WHAT TO DO: What you return should be the lines from the one with "Retournez dans l'onglet" through the one with "quick and convenient." in the data below, reproduced exactly with both ends, and no pictures at all.

PROVIDED INFORMATION:
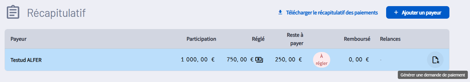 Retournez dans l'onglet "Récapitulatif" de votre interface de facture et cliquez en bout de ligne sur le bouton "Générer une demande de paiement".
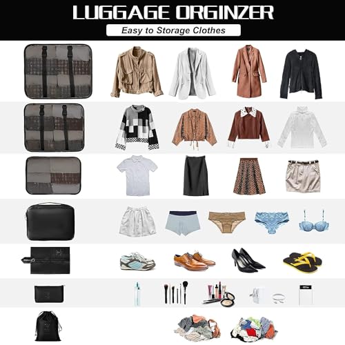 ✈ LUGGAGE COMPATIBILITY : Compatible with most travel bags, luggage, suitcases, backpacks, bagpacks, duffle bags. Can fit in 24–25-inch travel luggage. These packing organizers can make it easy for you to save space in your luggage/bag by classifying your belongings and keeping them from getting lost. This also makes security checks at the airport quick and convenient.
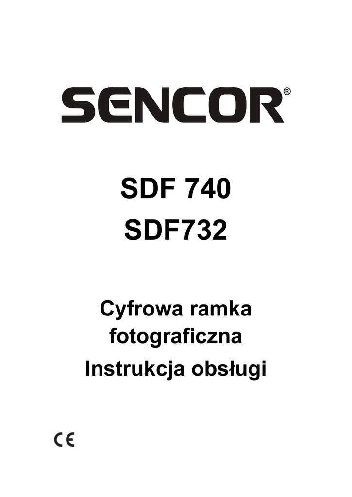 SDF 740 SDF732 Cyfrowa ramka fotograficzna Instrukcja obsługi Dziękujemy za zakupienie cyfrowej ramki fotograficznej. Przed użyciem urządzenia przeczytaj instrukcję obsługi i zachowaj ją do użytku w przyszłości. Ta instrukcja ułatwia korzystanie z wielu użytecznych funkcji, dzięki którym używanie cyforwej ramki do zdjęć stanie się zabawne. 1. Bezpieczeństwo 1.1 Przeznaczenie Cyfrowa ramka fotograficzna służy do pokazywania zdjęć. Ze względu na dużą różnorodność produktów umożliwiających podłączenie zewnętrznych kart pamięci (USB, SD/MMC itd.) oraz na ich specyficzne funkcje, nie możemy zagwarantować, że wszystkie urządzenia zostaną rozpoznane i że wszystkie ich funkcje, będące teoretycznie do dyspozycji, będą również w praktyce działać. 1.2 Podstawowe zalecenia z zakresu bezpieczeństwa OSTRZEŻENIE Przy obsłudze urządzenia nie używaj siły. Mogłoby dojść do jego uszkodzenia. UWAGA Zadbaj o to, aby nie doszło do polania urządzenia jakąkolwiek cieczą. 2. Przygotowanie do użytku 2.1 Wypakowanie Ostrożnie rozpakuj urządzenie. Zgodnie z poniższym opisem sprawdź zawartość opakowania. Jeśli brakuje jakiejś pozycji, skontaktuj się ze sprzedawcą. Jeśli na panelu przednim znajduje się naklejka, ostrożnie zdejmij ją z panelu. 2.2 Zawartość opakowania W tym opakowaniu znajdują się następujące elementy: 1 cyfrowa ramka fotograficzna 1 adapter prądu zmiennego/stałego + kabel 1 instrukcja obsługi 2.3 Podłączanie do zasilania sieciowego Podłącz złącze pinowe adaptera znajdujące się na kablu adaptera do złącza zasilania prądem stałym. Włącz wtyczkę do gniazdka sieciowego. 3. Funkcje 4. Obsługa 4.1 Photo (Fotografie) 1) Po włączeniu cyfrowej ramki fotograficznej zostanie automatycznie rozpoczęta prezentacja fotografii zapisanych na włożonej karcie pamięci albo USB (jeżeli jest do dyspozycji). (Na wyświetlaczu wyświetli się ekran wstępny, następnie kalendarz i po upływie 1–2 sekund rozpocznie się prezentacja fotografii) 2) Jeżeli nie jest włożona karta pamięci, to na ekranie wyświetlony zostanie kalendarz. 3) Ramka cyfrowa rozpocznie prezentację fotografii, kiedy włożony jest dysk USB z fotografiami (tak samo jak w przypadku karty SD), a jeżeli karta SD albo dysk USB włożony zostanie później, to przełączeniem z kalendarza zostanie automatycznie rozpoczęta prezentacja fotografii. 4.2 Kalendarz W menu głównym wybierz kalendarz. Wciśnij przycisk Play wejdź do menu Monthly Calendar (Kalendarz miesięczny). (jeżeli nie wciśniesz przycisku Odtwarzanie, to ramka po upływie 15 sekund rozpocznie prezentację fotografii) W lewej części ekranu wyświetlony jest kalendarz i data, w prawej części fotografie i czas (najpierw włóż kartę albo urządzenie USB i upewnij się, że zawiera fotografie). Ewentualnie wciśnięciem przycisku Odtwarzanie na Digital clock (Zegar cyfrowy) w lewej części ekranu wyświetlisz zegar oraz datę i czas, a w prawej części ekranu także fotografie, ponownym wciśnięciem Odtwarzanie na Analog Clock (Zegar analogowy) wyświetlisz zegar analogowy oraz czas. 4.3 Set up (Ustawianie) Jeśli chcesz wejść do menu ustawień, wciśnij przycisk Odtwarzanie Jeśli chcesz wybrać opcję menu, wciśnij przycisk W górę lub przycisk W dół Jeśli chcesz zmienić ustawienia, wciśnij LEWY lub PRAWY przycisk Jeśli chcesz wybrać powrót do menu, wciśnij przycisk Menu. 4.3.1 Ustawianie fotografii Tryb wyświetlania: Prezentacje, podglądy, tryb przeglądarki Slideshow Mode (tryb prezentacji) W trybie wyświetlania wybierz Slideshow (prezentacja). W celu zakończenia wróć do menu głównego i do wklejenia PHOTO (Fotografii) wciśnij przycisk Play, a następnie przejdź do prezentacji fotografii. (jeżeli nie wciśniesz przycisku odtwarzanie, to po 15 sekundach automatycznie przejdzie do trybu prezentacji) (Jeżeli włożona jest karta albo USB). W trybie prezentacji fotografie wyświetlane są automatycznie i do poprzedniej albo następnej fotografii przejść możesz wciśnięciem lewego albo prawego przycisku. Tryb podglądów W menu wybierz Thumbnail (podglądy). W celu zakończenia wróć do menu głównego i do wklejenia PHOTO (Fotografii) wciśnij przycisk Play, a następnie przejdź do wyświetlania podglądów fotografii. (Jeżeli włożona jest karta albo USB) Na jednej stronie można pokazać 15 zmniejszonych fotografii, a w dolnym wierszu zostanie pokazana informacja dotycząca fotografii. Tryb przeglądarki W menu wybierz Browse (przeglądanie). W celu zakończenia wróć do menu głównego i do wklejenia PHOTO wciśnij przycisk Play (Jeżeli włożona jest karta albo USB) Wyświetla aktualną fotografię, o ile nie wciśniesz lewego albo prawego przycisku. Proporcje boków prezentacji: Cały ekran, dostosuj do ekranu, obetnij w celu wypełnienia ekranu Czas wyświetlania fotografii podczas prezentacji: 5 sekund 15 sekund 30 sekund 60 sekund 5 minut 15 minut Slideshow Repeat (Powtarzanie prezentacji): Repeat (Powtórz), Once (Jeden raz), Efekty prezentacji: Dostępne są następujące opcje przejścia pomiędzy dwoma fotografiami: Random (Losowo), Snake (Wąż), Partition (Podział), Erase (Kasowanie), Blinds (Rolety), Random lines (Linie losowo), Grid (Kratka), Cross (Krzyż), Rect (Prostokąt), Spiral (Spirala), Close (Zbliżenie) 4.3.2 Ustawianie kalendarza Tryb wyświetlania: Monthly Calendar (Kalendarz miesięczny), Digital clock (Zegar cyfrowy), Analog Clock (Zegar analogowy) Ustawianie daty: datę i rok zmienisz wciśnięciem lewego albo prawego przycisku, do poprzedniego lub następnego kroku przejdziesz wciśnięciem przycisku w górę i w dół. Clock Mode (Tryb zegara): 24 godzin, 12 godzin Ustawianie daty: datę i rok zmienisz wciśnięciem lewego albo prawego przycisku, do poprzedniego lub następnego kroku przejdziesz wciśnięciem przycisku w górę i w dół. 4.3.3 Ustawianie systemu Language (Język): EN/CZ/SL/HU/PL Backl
--
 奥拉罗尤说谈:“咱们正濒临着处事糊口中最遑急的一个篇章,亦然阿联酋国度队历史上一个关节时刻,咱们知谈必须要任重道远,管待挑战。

THE COMPLETED TASK:
 Retournez dans l'onglet "Récapitulatif" de votre interface de facture et cliquez en bout de ligne sur le bouton "Générer une demande de paiement".
 ✈ LUGGAGE COMPATIBILITY : Compatible with most travel bags, luggage, suitcases, backpacks, bagpacks, duffle bags. Can fit in 24–25-inch travel luggage. These packing organizers can make it easy for you to save space in your luggage/bag by classifying your belongings and keeping them from getting lost. This also makes security checks at the airport quick and convenient.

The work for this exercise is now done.